A Comissão Nacional da Verdade foi a primeira no mundo a instituir um núcleo de perícias. Em outros países, o mais comum era estabelecer convênios com universidades ou outras instituições para os trabalhos. Aqui, uma equipe especializada em crimes de tortura e violação de direitos humanos se dedicou a criar uma metodologia específica para analisar os casos ocorridos durante o regime militar que vigorou no países entre 1964 e 1985. Contando com o auxílio de tecnologia para montar modelos tridimensionais, eles também peregrinaram ao passado. Muitos documentos dados como perdidos foram encontrados em tribunais de justiça, fóruns, arquivos públicos. Fotografias também se mostraram fundamentais para orientar o trabalho.

A partir de novembro de 2013 a CNV, que teve os trabalhos encerrados na última semana, passou a contar com um grupo próprio, trabalhando exclusivamente para esclarecer casos de supostos suicídios. Dois peritos da Polícia Civil do Distrito Federal, com experiência em casos de torturas, foram chamados para a missão de dar respostas sobre 44 casos de falsos suicídios. A tarefa mudou ao longo do tempo, para se adaptar as condições e as necessidades da comissão. Outros quatro peritos integraram a equipe.
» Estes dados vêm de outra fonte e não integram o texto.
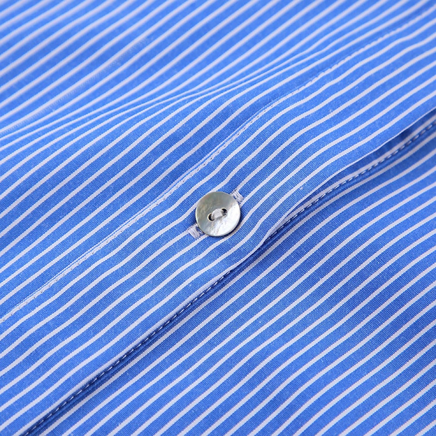 CHARTOU Women Striped Button Down Shirt Lightweight Long Sleeve Stripe Shoulder Pad Collared Chambray Shirt(Blue)
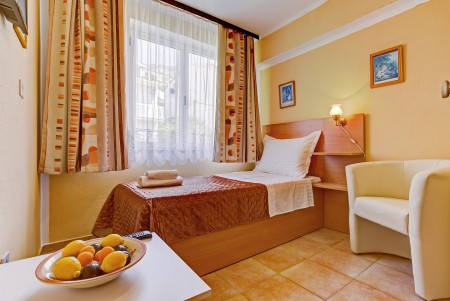 Einzelzimmer: ca. 12 m², Einzelbett, zur Parkseite gelegen.
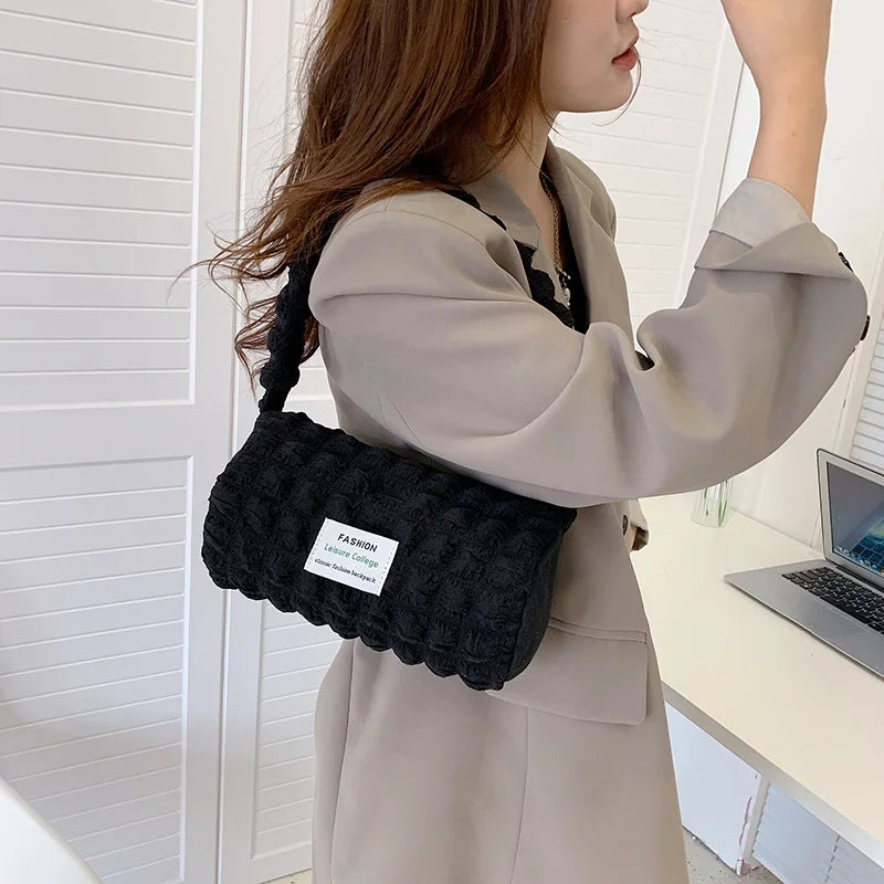 Bubble Shoulder Bag Cylinder Shape Underarm Bag Handbag Tote Bag
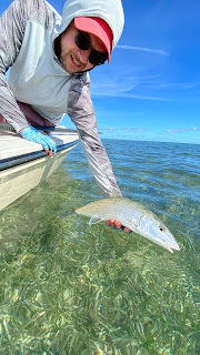 I had Paul today and he wanted to hunt for bonefish. He typically fishes in the keys but wanted to check out Biscayne Bay. We started off fishing the west side of the bay but it was pretty slow. Finally he hooked up and landed the first bonefish of the day. Once the tide was right we headed to the oceanside flats and that proved to be the right move as the only three flats we fished held fish. On the first flat I saw three bonefish cruising and told him where to cast. Paul didn't see them but made a perfect cast and a few moments later he was on releasing his second bonefish of the day a few long runs later. The second flat had some bones tailing in a bit deeper water and he got a bite but missed it. The last flat had some big fish mudding and tailing in super shallow water. Once again he made a precision cast and was rewarded with a nice big fish. Wow, what a day!
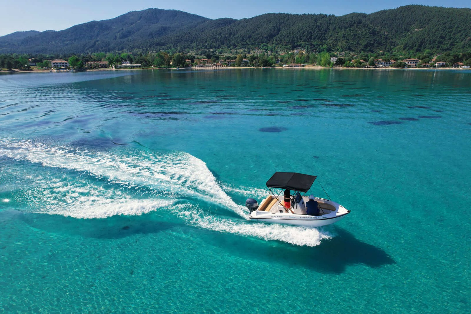 Explorer Boat Rental Sithonia Halkidiki is perfect for couples and small groups eager to explore the crystal-clear waters of Diaporos Island and beyond.
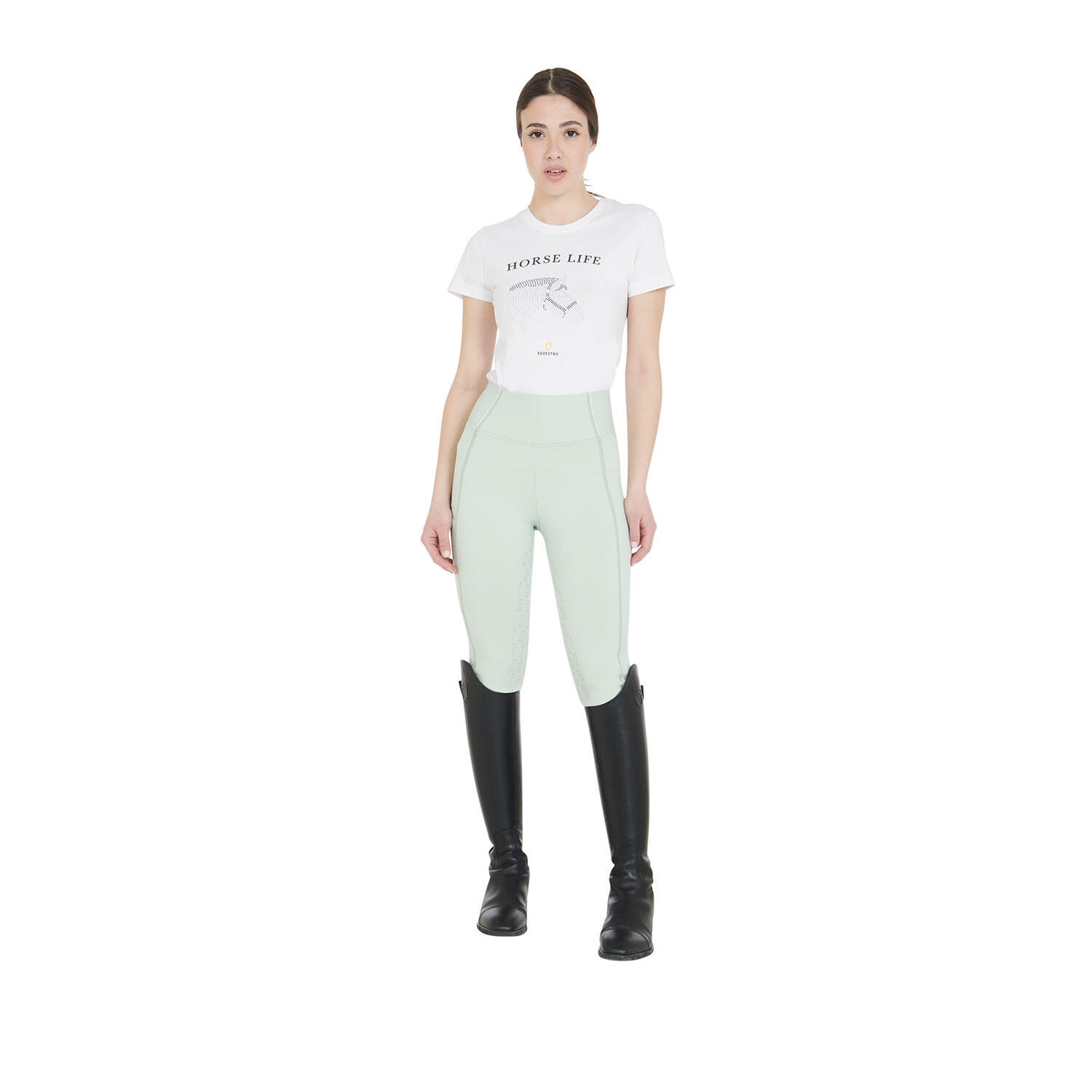 Slim fit women's leggings with a modern design, full silicone grip, side pockets, and high waistband for comfort and practicality during every workout session.
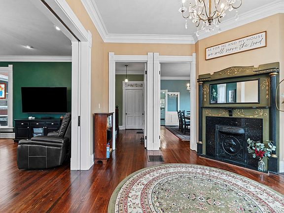 Intricate trimThoughtfully preserved woodworkFront porchTall ceilingsOriginal transoms
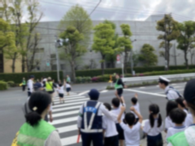 1年生が交通安全教室を行い、道路での安全な歩行の仕方を学びました。成城警察署の警察官の方にご指導いただき、PTA郊外の保護者の方々にお手伝いしていただきました。学校の南門から成城警察北交差点の信号を渡る実技を行いました。帰校後は警察の方からクイズを出題していただき、安全な歩行の仕方のまとめをしました。全員合格し、証明書をいただきました。日常生活の中でも安全に道路を歩行する意識を高めました。

Eles fizeram uma triagem na lista inicial e selecionaram 15 casos com documentação que possibilitava análise. 

Para os outros casos, começaram a disparar solicitações para órgãos que poderiam ter informações válidas. Ao mesmo tempo, o conhecimento deles foi requisitado em outros estudos. A equipe colaborou nos casos dos presidentes Juscelino Kubitschek e João Goulart, ou em episódios emblemáticos, como de Vladimir Herzog, Stuart Angel, Carlos Marighella. Além das histórias individuais, os profissionais entraram nas dos locais de ocultação de cadáveres, como a famigerada Casa da Morte de Petrópolis. “Com a nossa experiência em política, estamos acostumados a checar fontes. Trouxemos um pouco disso à CNV e fomos chamados em outros casos”, diz o coordenador do Núcleo Pedro Cunha.

Tanto ele quanto Mauro Yared são cedidos da PCDF e trabalhavam com mortes violentas há 20 anos. Em 2007, ministraram o primeiro curso do pais sobre Locais de Tortura e Execução sumária, pelo Ministério da Justiça. “Naquele momento, nós depuramos a metodologia e fixamos a forma de trabalho”, afirma Cunha. A forma de encarar os crimes é a primeira diferença em relação ao trabalho em homicídios comuns. “O raciocínio muda, é excludente. No caso do suicídio, por exemplo, deveríamos encontrar alguns elementos. A não constatação de alguns deles já são informações que precisamos analisar”, explica Yared.

Análise
No caso de Higino João Pio, um dos vários casos tidos como suicídio por enforcamento pelo Estado, a equipe da CNV constatou várias inconsistências nos documentos oficiais. O primeiro prefeito de Balneário Camboriú estava sob a custódia da Marinha, na Escola de Aprendizes de Marinheiros, em Florianópolis, quando morreu em março de 1969. “Ele foi colocado de pé, com a planta do pé apoiada no chão. O queixo encaixado no azulejo, os braços rígidos para frente. Não é uma posição comum para alguém que se matou. Além disso, o aço que o prendia sequer estava amarrado, apenas colocado no gancho”, detalha Pedro Cunha. Neste caso, os peritos puderam visitar a escola em Santa Catarina e observar as características do local. Além de montar uma planta para comparar com os laudos do período.

Mesmo com equipe reduzida e tempo escasso, os peritos colaboraram na elaboração de perfis para a produção do relatório final, investigaram casos emblemáticos, analisaram os falsos suicídios. Nos casos em que havia prova material, os laboratórios do Instituto de Criminalística do DF ou da Polícia Federal foram usados para avaliações químicas. Fizeram também croquis sobre locais de tortura e ocultação de cadáver, reconhecimento de locais, acompanhamento de exumações. “Esse levantamento pode ser feito com outros casos. Porém, demanda tempo. Mas o caminho das pedras nós começamos a trilhar”, afirma Cunha. “Fácil não é pelo tempo que se passou, mas solução existe e é possível dar uma resposta às famílias que ainda não sabem o que de fato aconteceu a seus parentes vítimas do regime”, completa Yared.